Copy nothing but the lines below, from the one with "fekete pamut árnyékkal." through the one with "- Вежливый и", exactly as written; no pictures should appear.

● **Material for this task**

☆ ☆ ☆ ☆

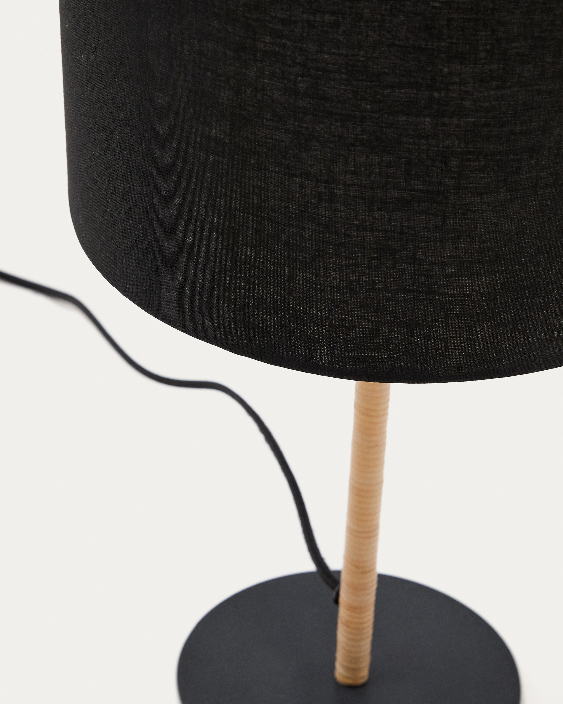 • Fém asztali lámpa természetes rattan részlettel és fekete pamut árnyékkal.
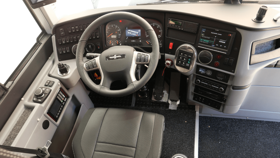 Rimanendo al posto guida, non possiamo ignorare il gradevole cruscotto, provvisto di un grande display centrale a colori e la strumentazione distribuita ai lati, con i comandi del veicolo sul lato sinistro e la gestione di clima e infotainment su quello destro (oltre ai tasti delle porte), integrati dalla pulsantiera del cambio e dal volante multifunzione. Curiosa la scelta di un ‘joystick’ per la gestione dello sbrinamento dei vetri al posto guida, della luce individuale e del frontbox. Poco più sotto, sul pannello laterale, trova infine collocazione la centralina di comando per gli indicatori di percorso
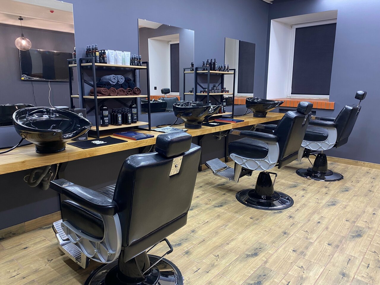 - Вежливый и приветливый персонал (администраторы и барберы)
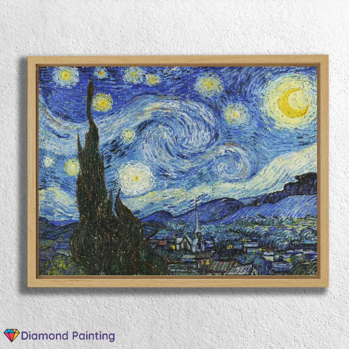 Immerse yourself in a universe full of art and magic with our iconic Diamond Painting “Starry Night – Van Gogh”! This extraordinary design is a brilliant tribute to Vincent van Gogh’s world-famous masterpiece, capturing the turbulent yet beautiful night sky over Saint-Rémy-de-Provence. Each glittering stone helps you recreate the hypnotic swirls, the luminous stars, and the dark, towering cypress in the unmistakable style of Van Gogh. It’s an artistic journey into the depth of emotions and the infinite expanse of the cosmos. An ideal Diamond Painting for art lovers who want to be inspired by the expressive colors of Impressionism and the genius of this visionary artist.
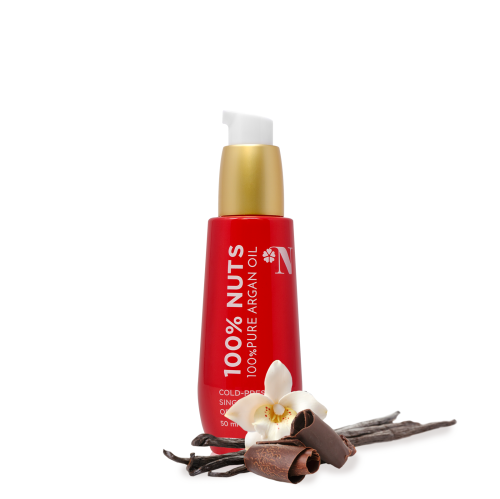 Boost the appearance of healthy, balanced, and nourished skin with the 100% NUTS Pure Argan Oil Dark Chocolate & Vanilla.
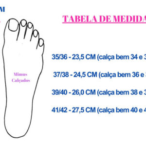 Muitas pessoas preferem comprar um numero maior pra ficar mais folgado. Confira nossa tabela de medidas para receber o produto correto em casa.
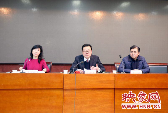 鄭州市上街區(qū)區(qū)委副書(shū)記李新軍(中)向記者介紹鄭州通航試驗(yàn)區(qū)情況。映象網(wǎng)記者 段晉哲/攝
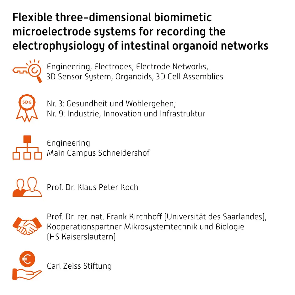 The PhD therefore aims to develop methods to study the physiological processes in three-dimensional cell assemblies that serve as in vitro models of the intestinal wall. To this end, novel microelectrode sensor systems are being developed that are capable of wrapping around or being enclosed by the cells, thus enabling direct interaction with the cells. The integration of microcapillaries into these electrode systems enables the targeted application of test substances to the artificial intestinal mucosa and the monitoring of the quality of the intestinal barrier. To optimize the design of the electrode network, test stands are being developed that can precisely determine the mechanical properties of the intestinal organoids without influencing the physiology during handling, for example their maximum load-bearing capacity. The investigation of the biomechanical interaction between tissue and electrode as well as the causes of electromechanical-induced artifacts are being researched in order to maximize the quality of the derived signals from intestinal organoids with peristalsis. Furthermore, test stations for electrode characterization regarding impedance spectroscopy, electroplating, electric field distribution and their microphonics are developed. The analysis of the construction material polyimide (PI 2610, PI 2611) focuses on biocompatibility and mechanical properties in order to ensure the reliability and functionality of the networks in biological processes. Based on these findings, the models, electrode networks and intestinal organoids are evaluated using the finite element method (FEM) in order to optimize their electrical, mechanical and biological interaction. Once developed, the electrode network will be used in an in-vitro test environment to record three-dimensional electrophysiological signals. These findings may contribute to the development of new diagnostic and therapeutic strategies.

☆ ☆ ☆ ☆

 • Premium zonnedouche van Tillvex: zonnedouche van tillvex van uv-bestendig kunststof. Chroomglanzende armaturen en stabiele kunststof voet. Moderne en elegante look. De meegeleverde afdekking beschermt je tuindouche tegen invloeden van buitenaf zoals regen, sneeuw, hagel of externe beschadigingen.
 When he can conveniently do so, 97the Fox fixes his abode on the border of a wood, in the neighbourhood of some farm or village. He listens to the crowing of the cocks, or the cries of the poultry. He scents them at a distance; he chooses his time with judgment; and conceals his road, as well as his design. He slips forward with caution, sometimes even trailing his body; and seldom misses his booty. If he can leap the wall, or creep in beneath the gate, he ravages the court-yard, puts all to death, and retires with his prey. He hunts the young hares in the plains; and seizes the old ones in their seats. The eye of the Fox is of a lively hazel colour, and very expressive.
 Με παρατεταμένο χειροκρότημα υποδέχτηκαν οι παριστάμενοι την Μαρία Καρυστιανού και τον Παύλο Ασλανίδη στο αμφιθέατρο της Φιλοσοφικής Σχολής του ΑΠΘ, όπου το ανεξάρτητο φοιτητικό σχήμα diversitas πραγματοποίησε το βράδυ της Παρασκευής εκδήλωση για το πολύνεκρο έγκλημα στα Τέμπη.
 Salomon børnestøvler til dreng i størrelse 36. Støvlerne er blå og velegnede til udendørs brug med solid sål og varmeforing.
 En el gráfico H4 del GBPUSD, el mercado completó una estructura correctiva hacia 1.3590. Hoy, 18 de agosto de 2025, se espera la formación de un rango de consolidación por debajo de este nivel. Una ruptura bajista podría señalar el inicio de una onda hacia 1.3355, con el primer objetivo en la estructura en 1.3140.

☆ ☆ ☆ ☆

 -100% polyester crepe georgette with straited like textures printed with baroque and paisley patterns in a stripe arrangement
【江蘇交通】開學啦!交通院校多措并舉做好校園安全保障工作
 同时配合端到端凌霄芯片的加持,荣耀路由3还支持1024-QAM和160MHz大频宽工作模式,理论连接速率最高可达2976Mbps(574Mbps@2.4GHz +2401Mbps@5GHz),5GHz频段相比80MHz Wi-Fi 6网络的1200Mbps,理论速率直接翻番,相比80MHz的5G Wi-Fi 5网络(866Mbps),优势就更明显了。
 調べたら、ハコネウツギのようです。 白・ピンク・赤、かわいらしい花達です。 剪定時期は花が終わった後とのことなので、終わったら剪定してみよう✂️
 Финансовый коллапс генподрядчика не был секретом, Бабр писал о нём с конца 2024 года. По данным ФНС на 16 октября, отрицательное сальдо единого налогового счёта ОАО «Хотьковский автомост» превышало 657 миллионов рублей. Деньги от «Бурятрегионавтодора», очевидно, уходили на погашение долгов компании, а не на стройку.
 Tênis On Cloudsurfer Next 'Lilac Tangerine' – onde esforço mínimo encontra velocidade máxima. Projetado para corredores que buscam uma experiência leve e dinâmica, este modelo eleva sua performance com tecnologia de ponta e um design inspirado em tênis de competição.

☆ ☆ ☆ ☆

● **Answer to the problem**
 • Fém asztali lámpa természetes rattan részlettel és fekete pamut árnyékkal.
 Rimanendo al posto guida, non possiamo ignorare il gradevole cruscotto, provvisto di un grande display centrale a colori e la strumentazione distribuita ai lati, con i comandi del veicolo sul lato sinistro e la gestione di clima e infotainment su quello destro (oltre ai tasti delle porte), integrati dalla pulsantiera del cambio e dal volante multifunzione. Curiosa la scelta di un ‘joystick’ per la gestione dello sbrinamento dei vetri al posto guida, della luce individuale e del frontbox. Poco più sotto, sul pannello laterale, trova infine collocazione la centralina di comando per gli indicatori di percorso
 - Вежливый и приветливый персонал (администраторы и барберы)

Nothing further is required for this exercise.